Available data =>

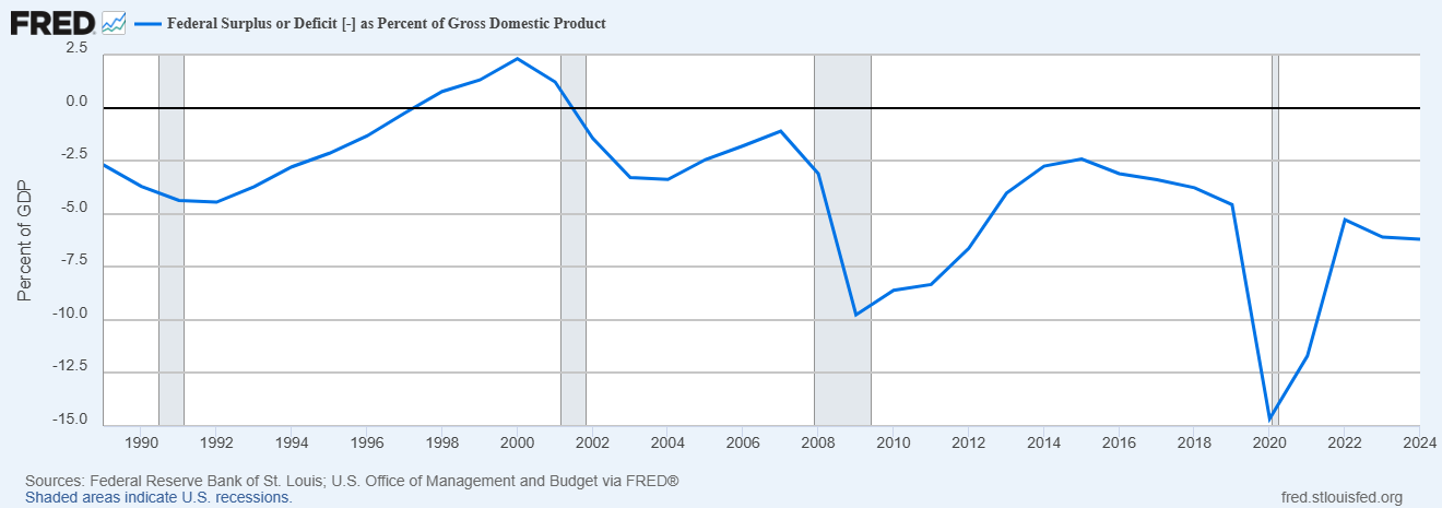 Superávit o déficit federal [-] como porcentaje del producto interno bruto. Fuente: U.S. Department of the Treasury. Fiscal Service.
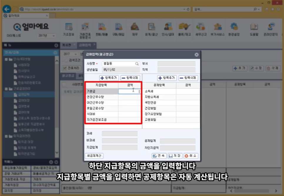 - 최신 세법을 반영해 자동으로 4대보험이 계산되며, 복사 기능으로 간편하게 급여 입력이 가능합니다.
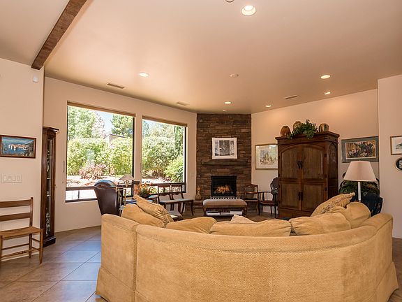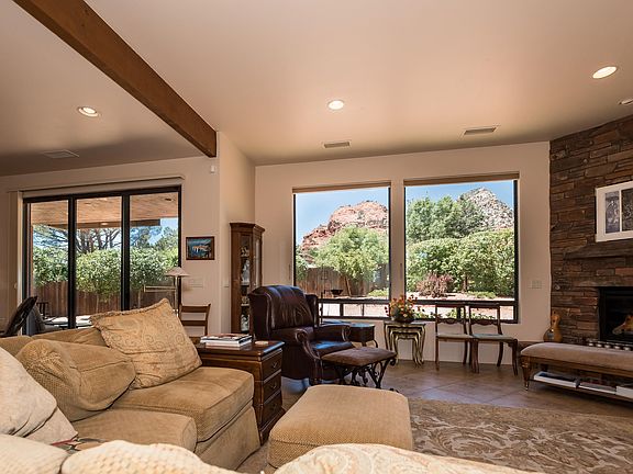 Well designed contemporary Southwest home in a peaceful low traffic area of West Sedona with a view of Sugarloaf that you can almost reach out and touch. The stylish kitchen features stainless steel appliances, granite countertops, alder cabinets, pantry and a center island with breakfast bar. The split bedroom floor plan is highlighted by a large master suite with his & hers walk in closets, walk in shower and separate tub and dual vanities. Landscaped exterior includes a 22 ft by 10 ft covered paver patio looking out at Sugarloaf, & paver driveway. 646 sq. ft oversized garage with a wall of built in storage. Subdivision has its own trail access to avoid the crowds! Refer & freezer in the garage included. Sellers have never lived in the home and will not be providing a seller disclosure
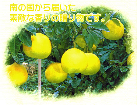 切り取った「ばんぺいゆ」の黄色い皮の部分と綿状の部分をネットにいれ2~3日陰干して、これをお風呂に入れると晩白柚の香りの爽やかさと美容効果があります。(ばんぺいゆ カタログより)
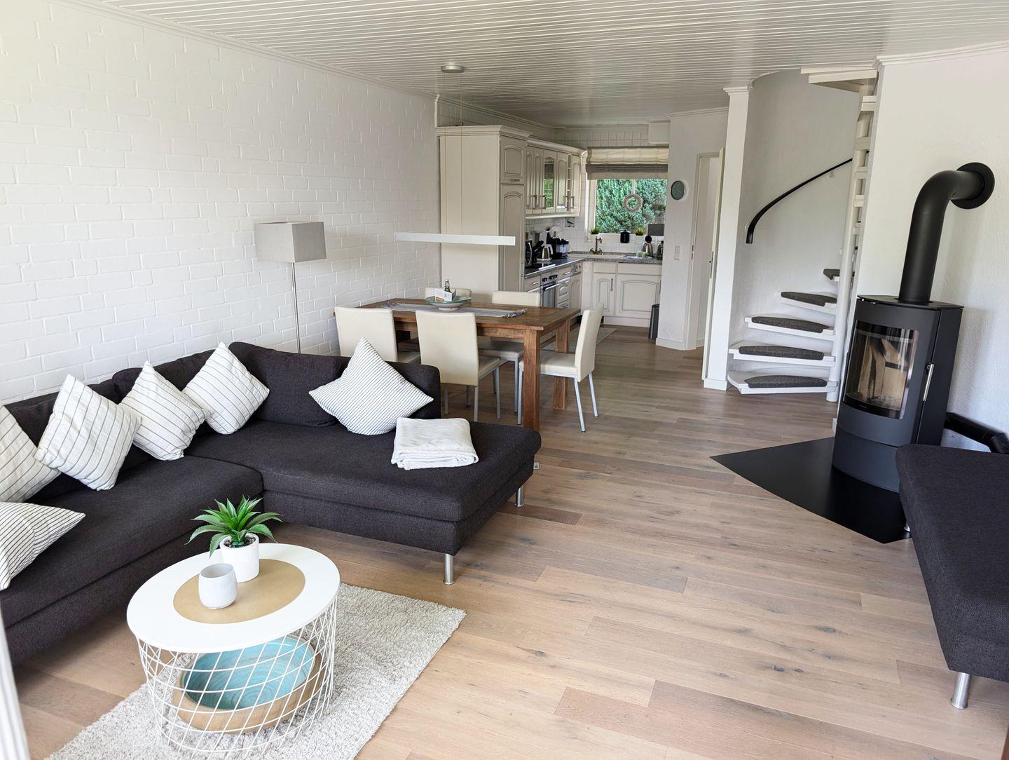 Ankommen und entspannen! Genießen Sie Ihre Freizeit in dem gemütlichen Reihenmittelhaus - bei einem Glas Wein auf dem Balkon oder auf dem Sofa vor dem Kaminofen. Die offene Küche und ein großzügiger Essplatz laden zum Kochen ein. Restaurant-Liebhaber finden eine große Auswahl ausgezeichneter Lokale und uriger Kneipen an der nahegelegenen Schleipromenade von Kappeln, nur 10 Gehminuten entfernt.
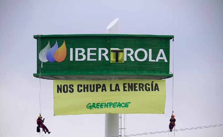 Esta mañana, en el Día Internacional Contra el Cambio Climático, escaladores de Greenpeace han ascendido hasta la torre de la sede de Iberdrola en San Agustín de Guadalix (Madrid) y han troleado su logo, transformándolo en “IberTrola”. Además han desplegado una pancarta con el mensaje “Nos chupa la energía”, en referencia a la compañía eléctrica.
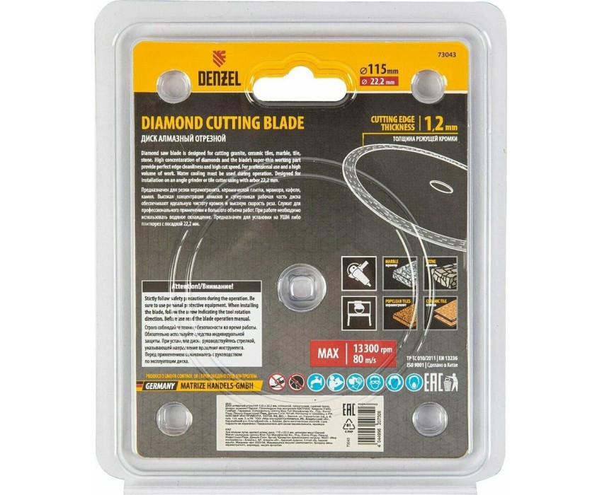 Алмазный диск ТМ Denzel "Сплошной" арт 73043, ф115 х 22,2 мм, предназначен для мокрого резания мрамора, керамогранита и керамическую плитки, камня. Устанавливается на УШМ (болгарку) или плиткорез с посадочным диаметром 22,2 мм. Высокая концентрация алмазов и супертонкая рабочая часть диска обеспечивает идеальную частоту кромок и высокую скорость реза.Диск произведен по технологии горячего прессования с увеличенной шириной режущей кромки (10мм) подходит для профессионального использования и больших объемов работ.
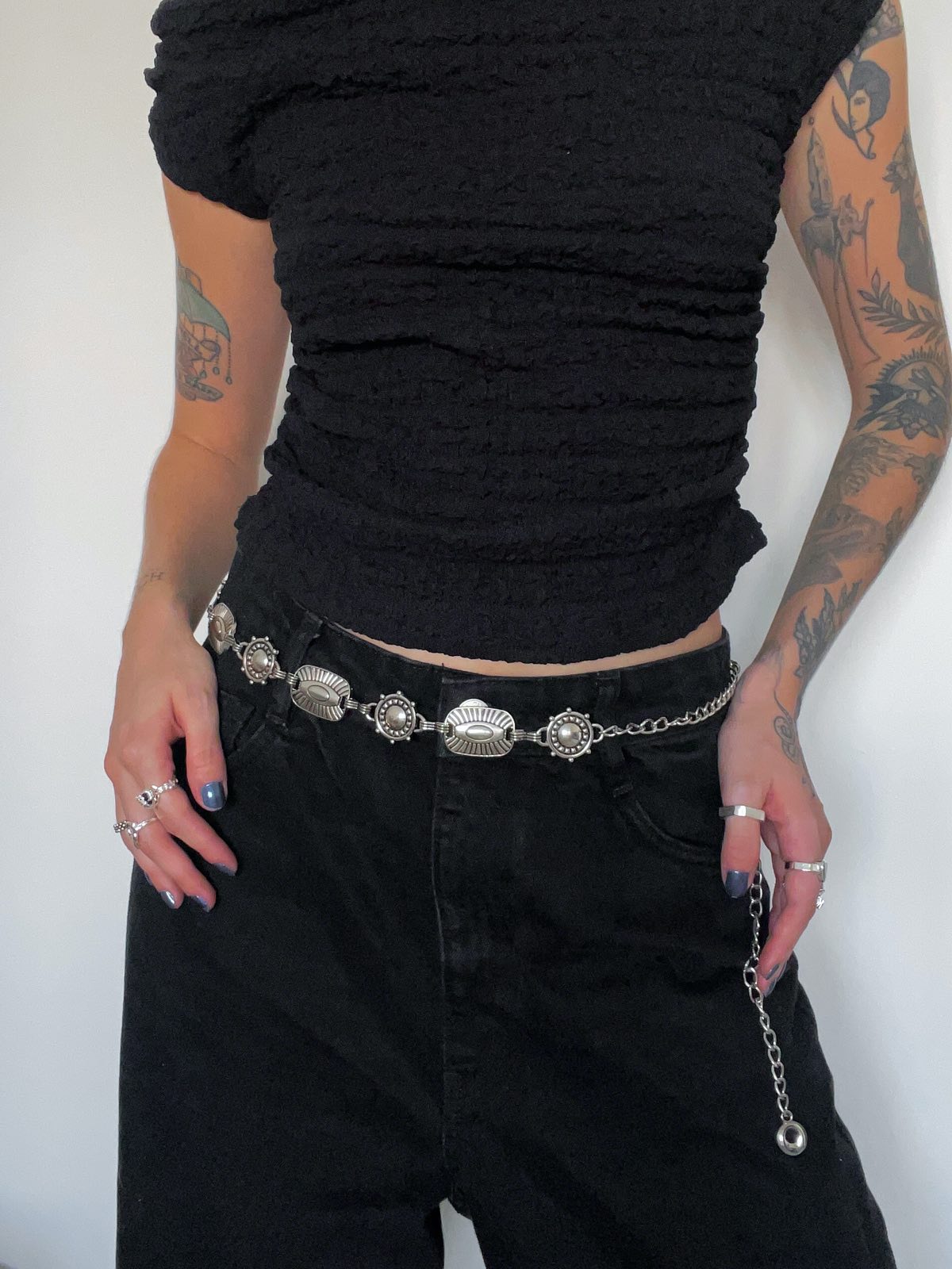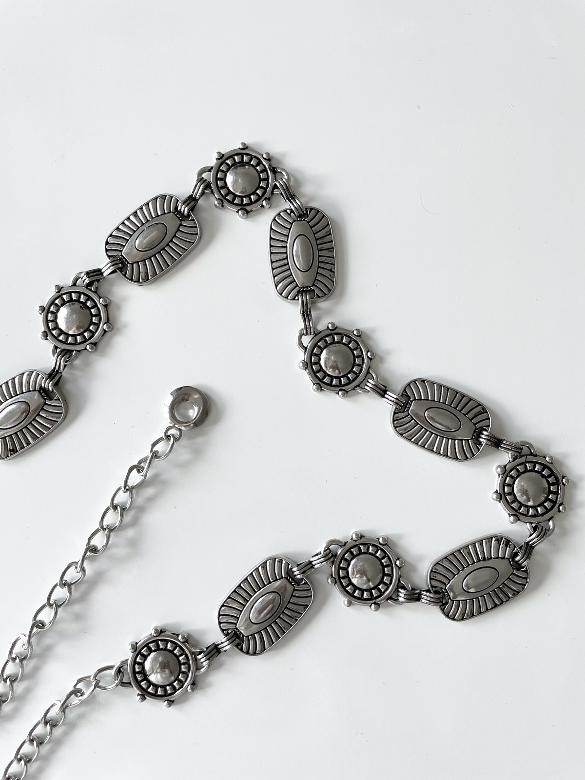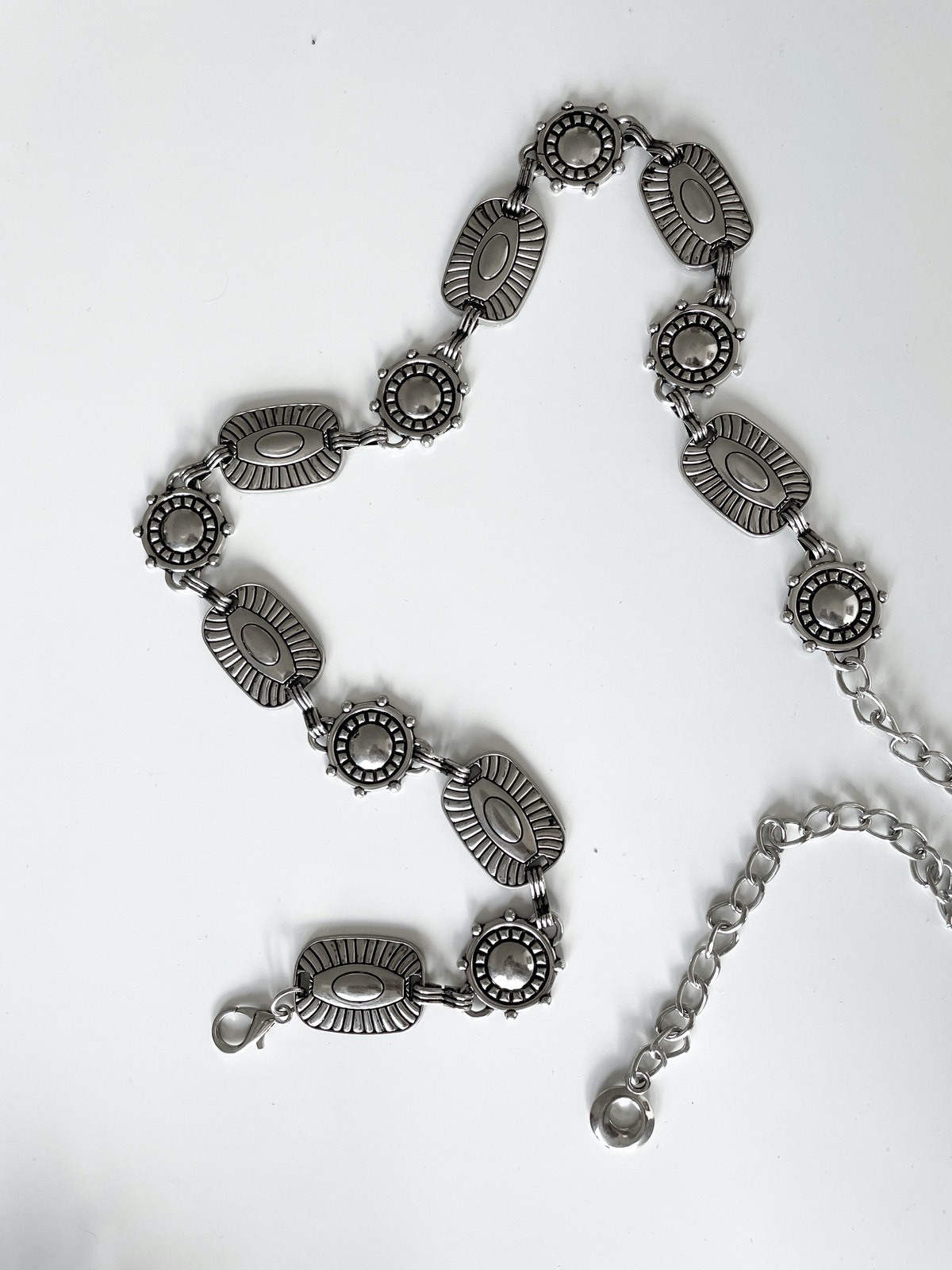 Cinto Boho, de metal super estiloso, feito com medalhas prata envelhecida

What to do =>
After dropping the pictures, reproduce exactly the lines from the first line of the entries through the line containing "Esta mañana, en", both included.

Answer area =>
 Superávit o déficit federal [-] como porcentaje del producto interno bruto. Fuente: U.S. Department of the Treasury. Fiscal Service.
 - 최신 세법을 반영해 자동으로 4대보험이 계산되며, 복사 기능으로 간편하게 급여 입력이 가능합니다.
 Well designed contemporary Southwest home in a peaceful low traffic area of West Sedona with a view of Sugarloaf that you can almost reach out and touch. The stylish kitchen features stainless steel appliances, granite countertops, alder cabinets, pantry and a center island with breakfast bar. The split bedroom floor plan is highlighted by a large master suite with his & hers walk in closets, walk in shower and separate tub and dual vanities. Landscaped exterior includes a 22 ft by 10 ft covered paver patio looking out at Sugarloaf, & paver driveway. 646 sq. ft oversized garage with a wall of built in storage. Subdivision has its own trail access to avoid the crowds! Refer & freezer in the garage included. Sellers have never lived in the home and will not be providing a seller disclosure
 切り取った「ばんぺいゆ」の黄色い皮の部分と綿状の部分をネットにいれ2~3日陰干して、これをお風呂に入れると晩白柚の香りの爽やかさと美容効果があります。(ばんぺいゆ カタログより)
 Ankommen und entspannen! Genießen Sie Ihre Freizeit in dem gemütlichen Reihenmittelhaus - bei einem Glas Wein auf dem Balkon oder auf dem Sofa vor dem Kaminofen. Die offene Küche und ein großzügiger Essplatz laden zum Kochen ein. Restaurant-Liebhaber finden eine große Auswahl ausgezeichneter Lokale und uriger Kneipen an der nahegelegenen Schleipromenade von Kappeln, nur 10 Gehminuten entfernt.
 Esta mañana, en el Día Internacional Contra el Cambio Climático, escaladores de Greenpeace han ascendido hasta la torre de la sede de Iberdrola en San Agustín de Guadalix (Madrid) y han troleado su logo, transformándolo en “IberTrola”. Además han desplegado una pancarta con el mensaje “Nos chupa la energía”, en referencia a la compañía eléctrica.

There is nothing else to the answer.